The sun grazes the treetops, casting the under-forest in a slightly warmer light. Dawn has come and she's still alive. Her strained heart thuds a little harder at the understanding that she is only alive and free because of some whim of Orochimaru's. If he hadn't slaughtered the ANBU squad, they would have found her, curled up in her hidey-hole, and dragged her back to Konoha for execution or imprisonment. She's not sure which, nor even sure which she would prefer. She shivers slightly at the memory of being on her knees before him, waiting to die. That, too, had been a whim. A suicidal whim, but it was backed by the very real understanding that she is now alone. That her purpose and her loved ones will forever be out of reach.

She shakes herself loose from the grip of her thoughts. She has gone over the events of the night so very many times that she is virtually numb to the shock and the horror of it. There is nothing more to be gleaned from her recollections at this moment; she has combed through them endlessly, trying to pick apart the pieces and find the angle. The information she has is minimal, she could never divine Orochimaru's purpose from such a brief and strange encounter. That his motives led to her survival draws out conflict in her mind, over just how grateful she should be (she's leaning heavily towards 'not very'), and over why and how he came to be in just the right place at just the right time. She half wants to think it was coincidence. The other half of her doesn't believe in things like luck, and that half wants answers.

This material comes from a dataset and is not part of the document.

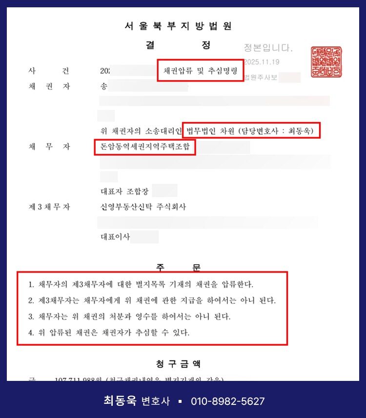 돈암동역세권 지역주택조합 상대 전액승소 및 1억 600만원 실제 회수!
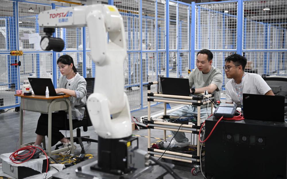 2025年3月25日,在东莞的广东拓斯达大岭山生产基地,工作人员在测试工业机器人产品。

Those answers are not going to be found in her own head, and if she she is to continue living long enough to discover them, she needs to find some place to hide. Not just for an hour, but for longer, some place that will afford her the time to explore the very many things that appear to be wrong with her world and her life. There may yet be an explanation for her own abnormal – for lack of a better word – behaviour. There may yet be a way for her to go home (the half that doesn't believe in luck and coincidence winces at the naivete displayed by the rest of her).

Sakura heaves a pained sigh, wincing as the air dives into her aching lungs and back out again. She really needs to recover some chakra so that she can assess the damage she's done to her body. Her legs tremble with every step, the muscles in her calves and thighs jumping as though they are half-shredded from the inside, and feeling as though they are at least a bit on fire. She reflects tiredly that her skeleton seems to be protesting holding her flesh upright, and her heart is definitely not one hundred percent as it bucks unevenly in her chest.

On the bright side, she no longer feels a driving urge to continue north. Instead, she is circling a well worn clearing as though there is an invisible tether preventing her from leaving it. This is just one more thing she cannot fathom an explanation for. She hasn't actually tried to leave the track she is wearing, but that's really the sum of the problem; she doesn't want to. If she leaves this clearing she doesn't know where she will go. All this time running, she has been pulled along by a sensationless tug centred in the tissue behind her now-shuddering heart. It's not there any more, like a rubber band with all the tension gone out of it, it lies dormant and quiet.

The pink-haired kunoichi groans and scrubs her filthy hands over her face, trying to rub the stars out of her eyes. She's growing dizzier by the moment, and she's fairly convinced that her heart is about to just give up. She has no chakra to feed it to keep her going. No chakra to heal the damage, either. She has, quite literally, worn herself out.

She is beginning to silently berate herself for her foolishness (though, really, she wouldn't be alive now if she hadn't poured all of her energy into her flight), when the ground moves nearby. Sakura comes to a wobbly standstill and tries to focus her fuzzy, sparkly, vision on the strange bit of earth. It's moved from where it was before, and now there are stone stairs visible, leading down into the ground. She sways unsteadily and tries to marshal some brain cells into pondering the mystery, when a grey-topped head pokes out of the hole.

"Would you like to come in? You look awfully tired," a bland, and slightly condescending, voice emanates from the pale oval that must be a face. Sakura wishes she could clear her starry vision.

She knows this voice, too, and despite her exhaustion she manages a stab of fear at the coincidence of it all.

She cannot afford to turn down any offer of shelter now, though. If he doesn't kill her, Kabuto might even be kind enough to see to her overstrained heart.

With nowhere else to go, and no other option but a quiet and painful death on the forest floor, Sakura nods her heavy head and murmurs a tired "Yes," with no small amount of effort.

She thinks it's a good thing he's coming closer because the ground is rushing up to meet her face very quickly. The night spins down into darkness just as hands close over her shoulders.